▸ **WORK REQUIRED**
For the data below, retype word for word the lines from the one containing "軽量化と高剛性という相反するテーマを フローフォーミングテクノロジーを採用する ことで実現。走りの原点を追求し、" through the one containing "۱۱. پایه عایقی (IS)"; drop the pictures.

▸ **Collected data**
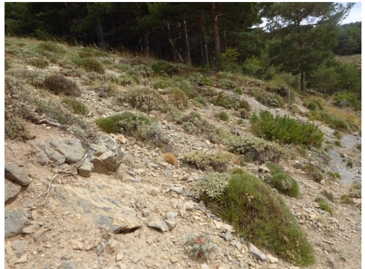
Photo 8. Une pelouse ouverte des Erinaceetalia anthyllidis sur la Sierra Nevada ; © B. de Foucault.

Garrigues ouest-orientales des massifs nord-africains et de la Sierra Nevada (photo 8), caractérisées par Erinacea anthyllis subsp. a., Helianthemum cinereum subsp. rotundifolium , H. apenninum subsp. stoechadifolium , Echinospartum boissieri , Jurinea humilis , Thymus orospedanus , Th. serpyllodes subsp. gadorensis , Helictochloa gervaisii , Festuca hystrix , Satureja intricata , Santolina canescens , Sideritis incana .
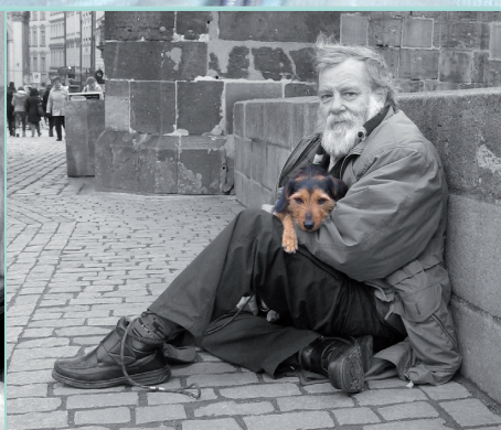
2. kategorie: Život kolem nás Jak vidí Charitu její zaměstnanci a dobrovolníci
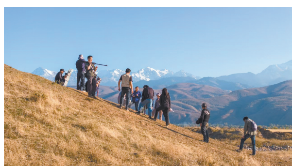
2024年10月《中国·考古》纪录片团队在哈萨克斯坦伊塞克大墓拍摄现场
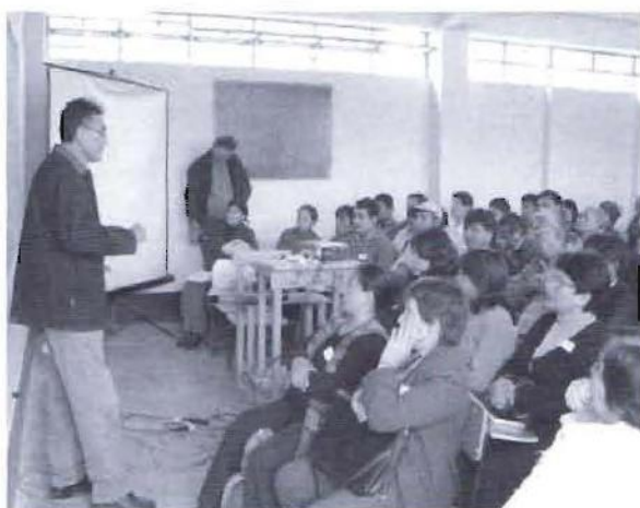
Funcionario de la municipalidad provincial explicando el proceso de Presupuesto Participativo.
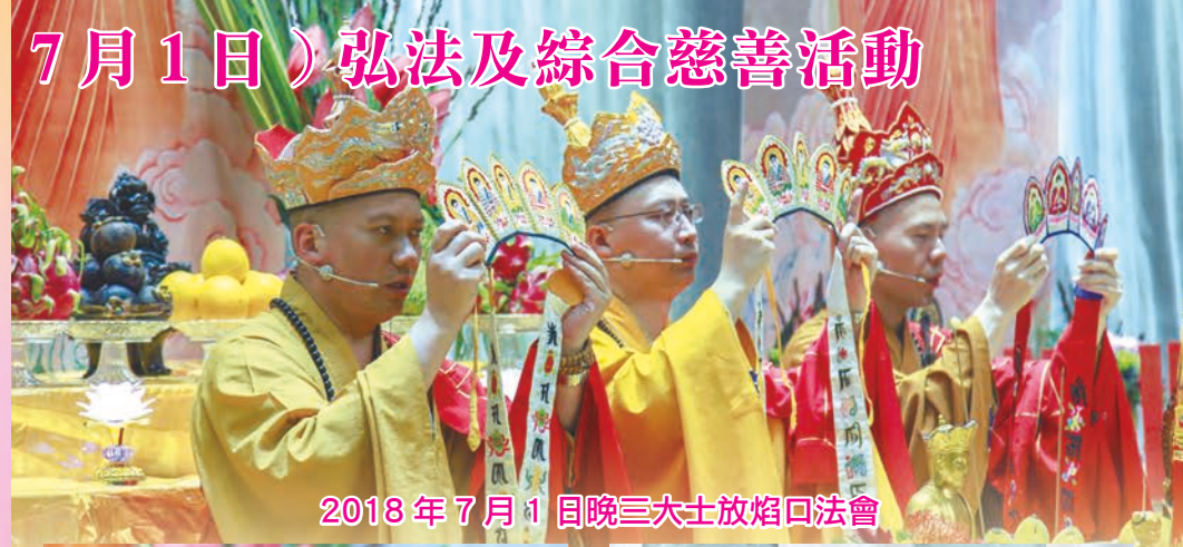
2018 年 7 月 1 日晚三大士放焰口法會
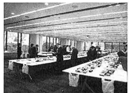
<昨年度の審査風景>
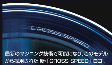
最新のマシニング技術で可能になり、このモデル から採用された新「CROSS SPEED」ロゴ。

軽量化と高剛性という相反するテーマを フローフォーミングテクノロジーを採用する ことで実現。走りの原点を追求し、 アグレッシブなフォルムと機能を共有した。
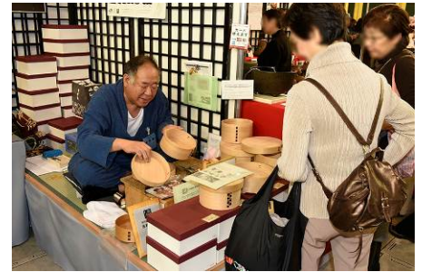
展示販売コーナーイメージ
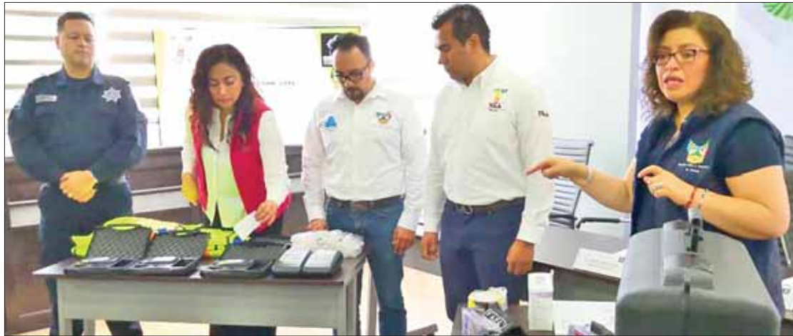
VIALIDAD. Expuso organismo estatal importancia de atender todas las recomendaciones para evitar incidentes.

El caso anterior se presentó apenas este viernes, en el que elementos de la Secretaría de Seguridad Pública municipal localizaron el cuerpo de un hombre en avanzado estado de descomposición en un paraje conocido como Las Positas, de la segunda sección de San Mateo. (Ángel Hernández)
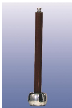
۱۱. پایه عایقی (IS)

ولتاژهای مستقیم و ضربه = 140 [kV] ظرفیت = 10000 [PF] وزن = 11 [Kg]
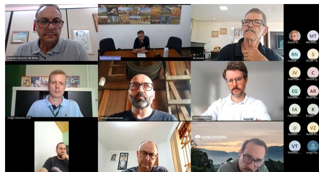
Câmara Setorial reuniu-se virtualmente.

Representantes do setor expressaram entusiasmo com as iniciativas, destacando o potencial da erva-mate para promover a preservação ambiental e alavancar a economia local por meio de projetos inovadores e sustentáveis.
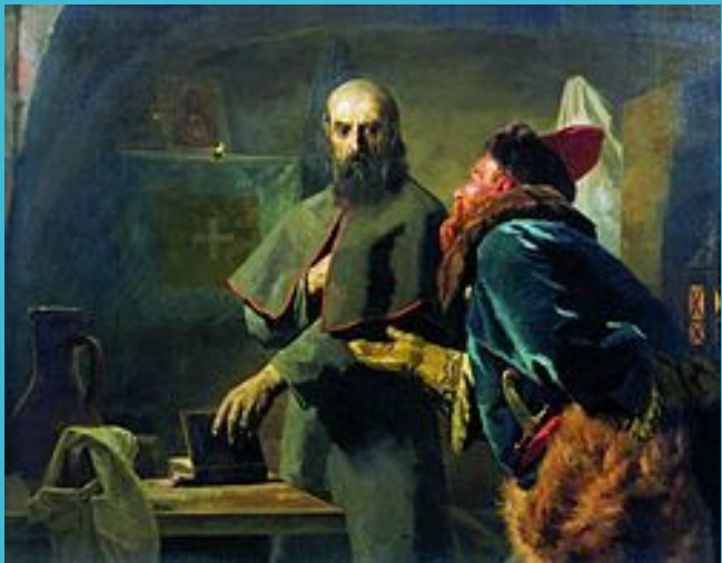
Николай Неврев «Митрополит Филипп и Малюта Скуратов». 1898 год.

Однако народ очень любил своего митрополита, неоднократно заступавшегося за неугодных царю и опальных людей, и потому возле места заточения святителя ежедневно собирались толпы народа, желавшие хоть мельком увидеть своего пастыря и заступника. Из-за этого царь повелел отправить митрополита Филиппа в Тверской Отрочь монастырь. Спустя год обитель посетил известный опричник Малюта Скуратов, прося от имени царя благословения на поход в Новгород. Целью этого похода было жестокое подавление бунта недовольных царем жителей города.
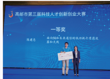
荣获创新创业大赛一二等奖

坚持把创新作为经济动力源,用好用足市技改、区扶持政策“催化剂”和基金池“红杆”,推动北方动力、玄裕电子新上“高大上”设备,加快亿泰、澳洋顺昌等技术改进步伐。同时,深化政产学研对接合作,打出高位嫁接、借力借智“组合拳”,推动重庆大学科研成果为高袁机械赋能,中康环保、高强、健龙蜗牛养殖等公司引入技术“智囊”。上半年,江苏省科技型中小企业入库33家,综合体、孵化器新增入驻企业31家,专利授权326件,发明专利授权30件。
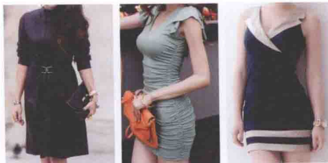
▲图 1-8 尚美塑形

如图 1-8 所示,韩式女装对亚洲女性曲线有深刻的了解和把握,能完美地雕塑女性的玲珑身材,更加适合东方女性的穿衣需求。综上所述,百变的韩式女装在女性时装的大家庭里如此璀璨也就无可厚非了。
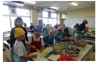
ジャム作りの様子(3年)

ひらのこども祭り が盛大に開催され、たくさんの子どもたちが楽しいひと時を過ごしました。16日(土)PTA主催で平野地区世代間交流事業として開催されました。子ども達は学校の行事とは違う行事を楽しそうに味わっていました。保護者の皆様、多くの地域の方々に参加ご協力をいただきました。ありがとうございました。
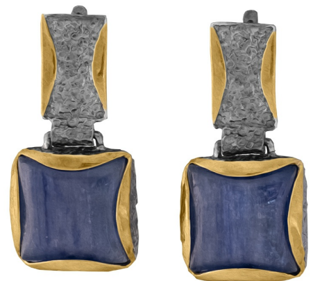
Серебряные серьги с золотым и платиновым покрытием $ 141,00
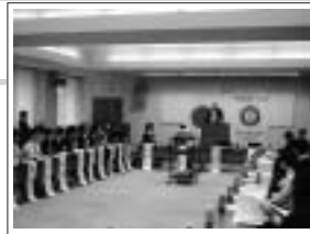
ローターアクト会長幹事会議

名鉄トヤマホテルにて世界社会奉仕委員会が開催。ポリオ撲滅への積極的な協力を確認。環境貢献、識字率向上への具体的な方法を話し合った。6名出席。
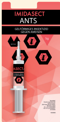
5 Gramm Spritze, verpackt im Blister

für professionelle Anwender verpackt zu 6 Stück im Karton
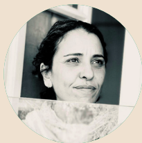
לילך לב ليلك ليف

ניהול וליווי פדגוגי الادارة والمرافقة التربوية
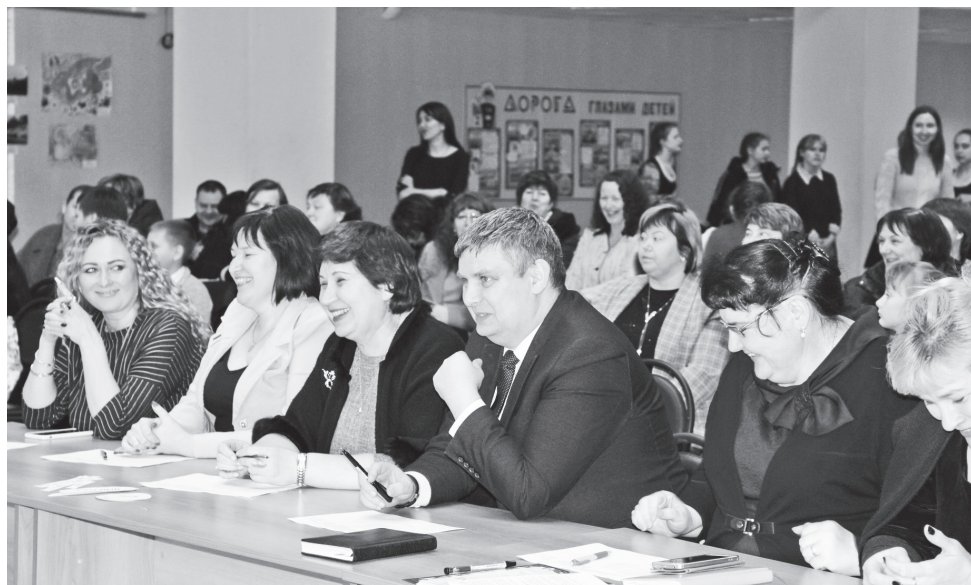
▲ Жюри оценивает работу конкурсантов

Навашинский есть достойные учителя-профессионалы. Сегодня – финал. Все волнуются. Я желаю участникам финала показать свое мастерство, представить свое образовательное учреждение! Желаю вам никогда не останавливаться на достигнутом и ставить перед собой все новые задачи. Пусть работа приносит вам удовлетворение и радость!
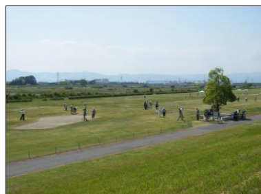
野洲川河川公園 グラウンドゴルフ場
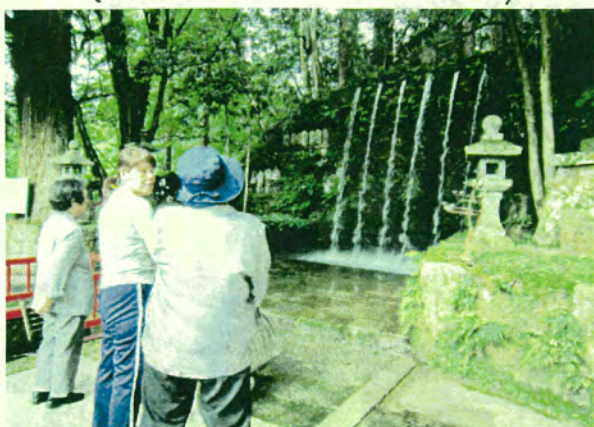
〈上市 大岩山へ参拝にて〉
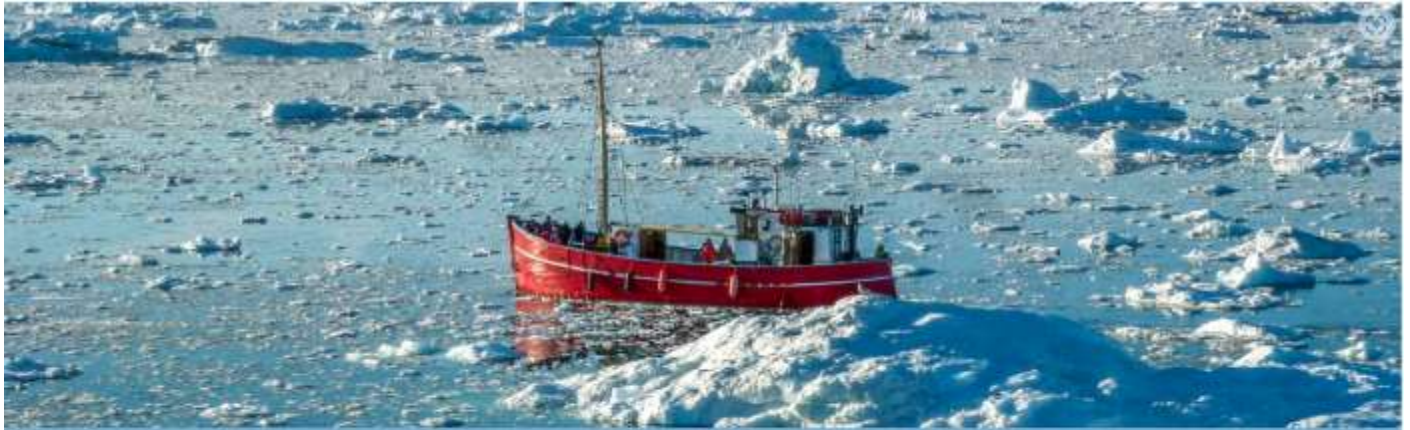
BOAT TRIP TO THE ICE-FJORD, ILULISSAT, GREENLAND

พิเศษ! ห้องพักที่ทางบริษัทจัดให้ จะมีระเบียงส่วนตัวทุกห้อง เพื่อให้ท่านได้ชมวิว และผ่อนคลายตลอดการเดินทาง
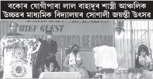
বকোৰ যোগীপাৰা লাল বাহাদুৰ শাস্ত্ৰী আঞ্চলিক উচ্চতৰ মাধ্যমিক বিদ্যালয়ৰ সোণালী জয়ন্তী উৎসৱ

আলোচপতি, ৩ জানুৱাৰী : কামৰূপ জিলাৰ বকে সমষ্টিৰ অন্তৰ্গত দুই নম্বৰ যোগীপাৰা লাল বাহাদুৰ শাস্ত্ৰী আঞ্চলিক উচ্চতৰ মাধ্যমিক বিদ্যালয়ৰ সোণালী জয়ন্তী উৎসৱৰ আজি মুকলি সভা অনুষ্ঠিত হয়। উক্ত সভাত ৰাজ্যপাল অধ্যাপক জগদীশ মুখীয়ে অংশগ্ৰহণ কৰে। সোণালী জয়ন্তীৰ মুকলি সভাত ৰাজ্যপাল মুখীয়ে কয় যে যিকোনো অনুষ্ঠান এটাই সোণালী জয়ন্তী বৰ্ষত ভৰি দিয়াটো অতি কঠিন। তেওঁ তাহানিয়ে লাল বাহাদুৰ শাস্ত্ৰী বিজ্ঞানসকলক বন্যাদ জ্ঞাপন কৰি ৰাজ্যৰ শিক্ষাৰ্থীৰ লগতে অভিভাৱকসকলক বিজ্ঞান শিক্ষাৰ
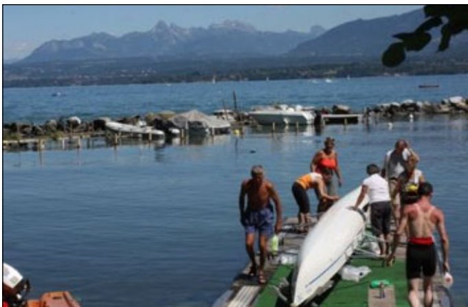
La yolette lors de sa cure de jouvence.
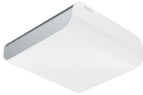
RS LED M2 SØLV
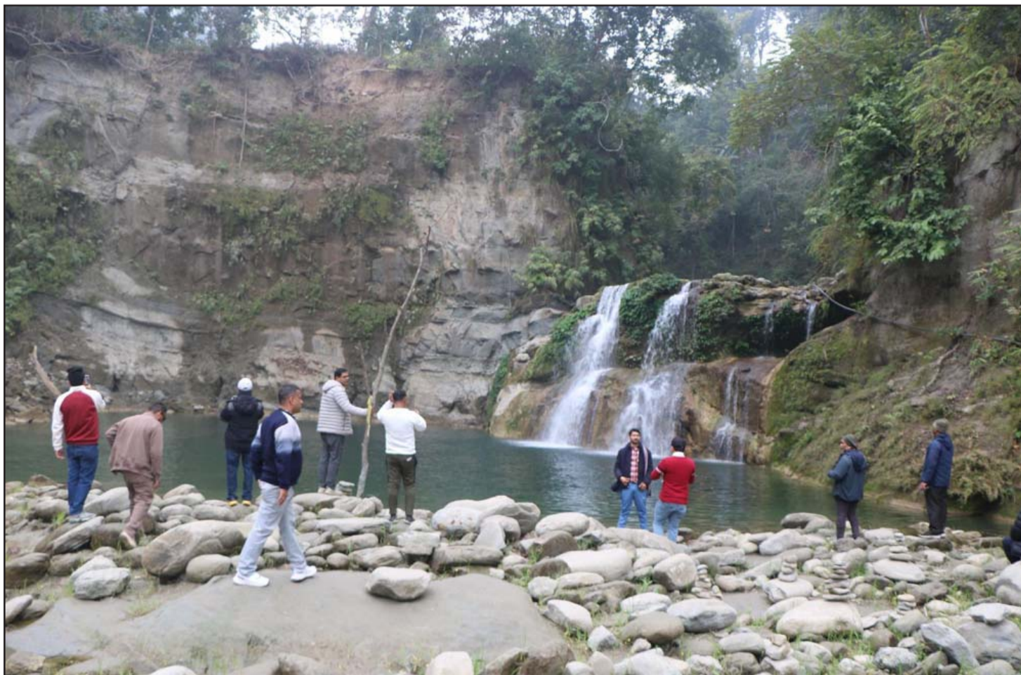
वैकुण्ठ ताल: चितवनको माडीमा रहेको ऐतिहासिक वैकुण्ठ ताल। यहाँ भगवान श्रीरामले स्नान गरेको किंवदन्ती रहेको छ। यहाँ बाला चतुर्दशीमा विशेष मेला लाग्ने गर्छ। पछिल्लो समय यहाँ आन्तरिक तथा बाह्य पर्यटक एवं तीर्थयात्री आउने गरेको पाइन्छ।

छिमेकी मुलुक चीनमा औसत नून सेवन १०-१२ ग्राम प्रतिदिन रहेकोले त्यसलाई घटाउन सरकारले जनचेतना कार्यक्रम सञ्चालन गरेको छ।
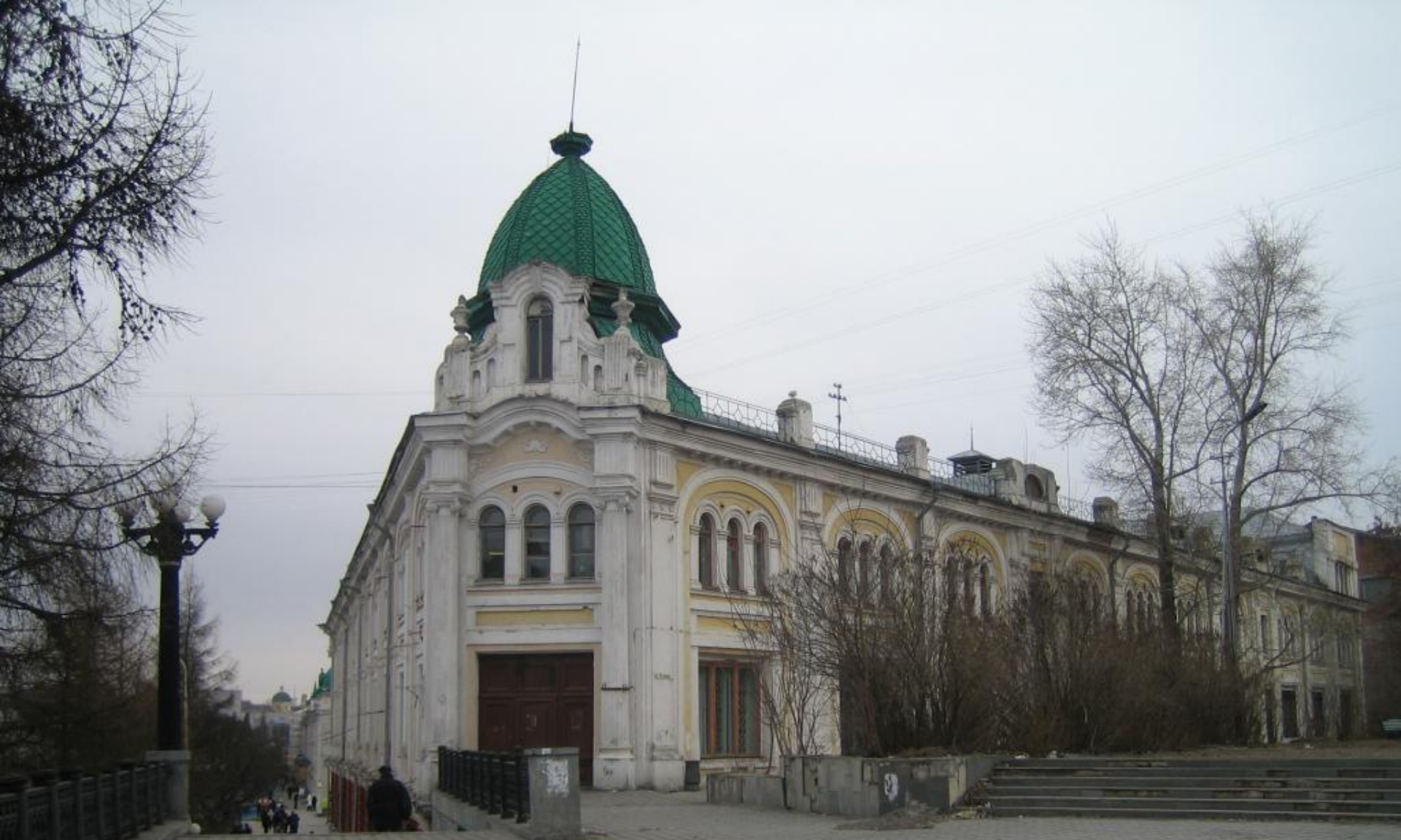
Бывший магазин Фабрично-торгового Товарищества «Братья Овсянниковы и А. Ганшин с сыновьями». Архитектор неизвестен. Вторая очередь строительства. 1915 г.
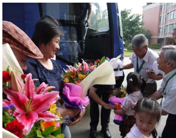
東莞台商子弟學校師生至校門口迎接豫劇團
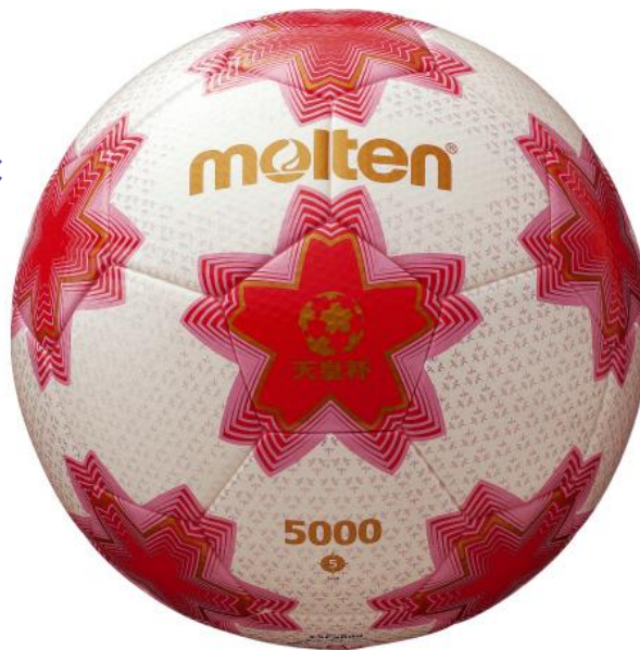
天皇杯公式試合球 (F5E5000)

競技用ボールとスポーツエキップメントメーカーの株式会社モルテン（本社：広島市西区、代表取締役社長：民秋清史）は、第95回天皇杯全日本サッカー選手権大会（以降「天皇杯」）、および第37回皇后杯全日本女子サッカー選手権大会（同「皇后杯」）に公式試合球を提供します。当社がモルテンブランドの公式試合球を天皇杯および皇后杯に提供するのはいはじめてです。

▸ **WRITTEN SOLUTION**
軽量化と高剛性という相反するテーマを フローフォーミングテクノロジーを採用する ことで実現。走りの原点を追求し、 アグレッシブなフォルムと機能を共有した。
展示販売コーナーイメージ
VIALIDAD. Expuso organismo estatal importancia de atender todas las recomendaciones para evitar incidentes.

El caso anterior se presentó apenas este viernes, en el que elementos de la Secretaría de Seguridad Pública municipal localizaron el cuerpo de un hombre en avanzado estado de descomposición en un paraje conocido como Las Positas, de la segunda sección de San Mateo. (Ángel Hernández)
۱۱. پایه عایقی (IS)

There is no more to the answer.